Droits de l'homme

Intervention du 18 janvier 2001

Monsieur le Président, notre groupe, le groupe Union pour l'Europe des nations, a obtenu au début de la présente période de session qu'il soit débattu de la situation en Algérie. L'accueil qui fut réservé à sa demande était celui que l'on pouvait attendre, c'est-à-dire un flot de braves sentiments, braves mais bien gratuits, de la part de l'habituelle cohorte de ceux dont la défense des droits de l'homme à géométrie variable est devenue une sorte de tic qui se substitue à l'authentique analyse politique, quelquefois même, et c'est bien le cas ici pour quelques-uns du moins, sans autre résultat que de cacher des intentions plus obscures.

Aussi notre message, quant à nous, n'est-il pas compassionnel mais politique. Certes, nous tenons une fois encore à exprimer notre émotion devant la violence hideuse qui meurtrit chaque jour davantage le peuple algérien, mais nous savons aussi que les Algériens en ont assez de la compassion. Puisque grâce à la politique courageuse de leur président, le président Bouteflika, la preuve a été faite, et cela au moins est acquis, qu'aucun langage de raison, aucune promesse de pardon, aucune tentative de réconciliation, bref, aucune solution politique n'est acceptée par les fanatiques, il faut que nous passions aux actes et reconnaissions que ceux des États membres qui accordent asile, et quelquefois même davantage, à leurs dirigeants, sont bel et bien désormais les complices de ce que nous dénonçons ici à qui mieux mieux avec une hypocrisie croissante.

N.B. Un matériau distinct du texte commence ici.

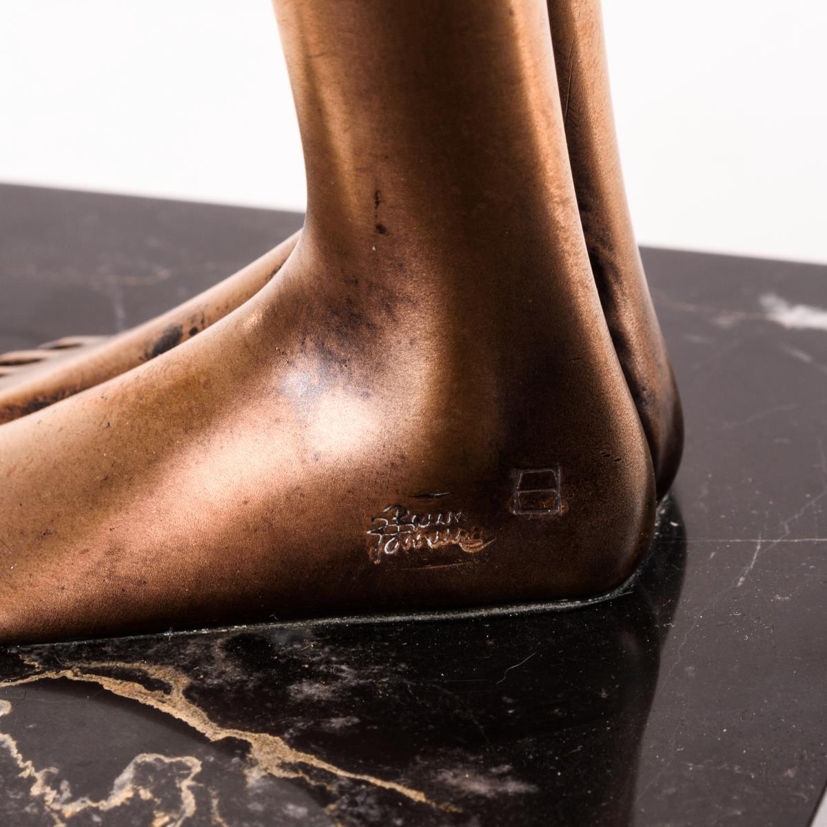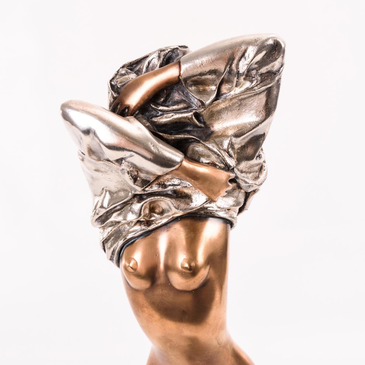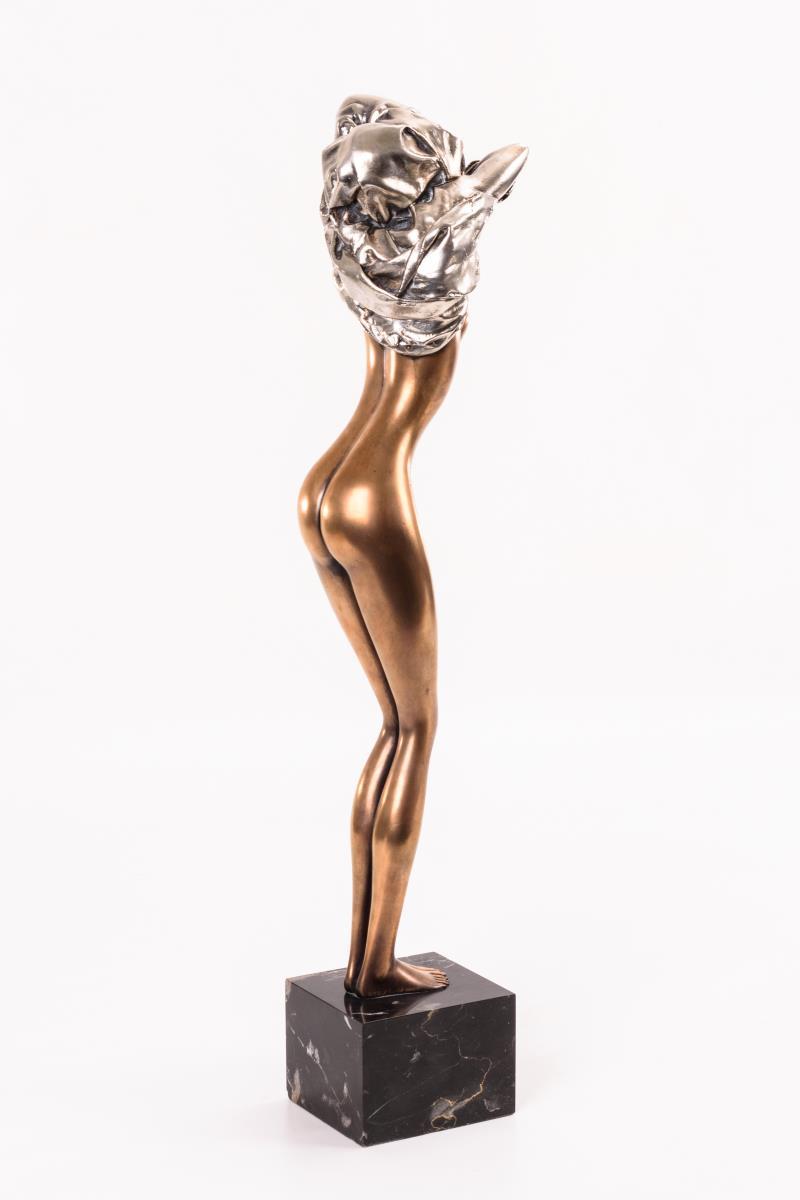 Bronze goldbraun patiniert, teils versilbert, schwarzer Marmor-Sockel. Bezeichnet, Gießermarke "Venturi Arte" mit Zählung "925/1000". H 55,5 / 63,5 cm.

Voilà, mes chers collègues, le cœur du sujet. Plusieurs pays membres sont en réalité d'une coupable complaisance avec les auteurs des massacres. Devant, ils se lamentent. Derrière, ils protègent, ils dissimulent, ils accueillent, et quelquefois même ils accueillent sciemment les auteurs d'attentats perpétrés dans mon pays, en France. Nous croyons, nous, qu'une défense des droits de l'homme bien comprise doit commencer par fortifier l'État de droit en Algérie et contribuer à assurer l'autorité du gouvernement et du président issus d'élections que nous persistons à juger démocratiques.

La vigilance démocratique en matière de droits de l'homme ne saurait exclusivement s'exprimer à l'encontre des régimes en place. Je pense notamment aux autres pays du Maghreb, au Maroc, à la Tunisie, à la Libye. Elle doit aussi servir à les soutenir, notamment, au-delà de tous les détails montés en épingle, lorsqu'ils sont confrontés à une folie meurtrière aveugle, d'autant plus dangereuse que des puissances extérieures les aident en sous-main, puissances qui ne sont pas même européennes - vous voyez auxquelles je pense - et qui profitent d'une situation instable pour tirer dans l'ombre, par le truchement de fanatiques, d'obscures ficelles. C'est le vieux jeu des empires, dont la victime n'est pas seulement la population algérienne, mais l'Algérie elle-même et ses plus anciens et finalement ses plus fidèles amis.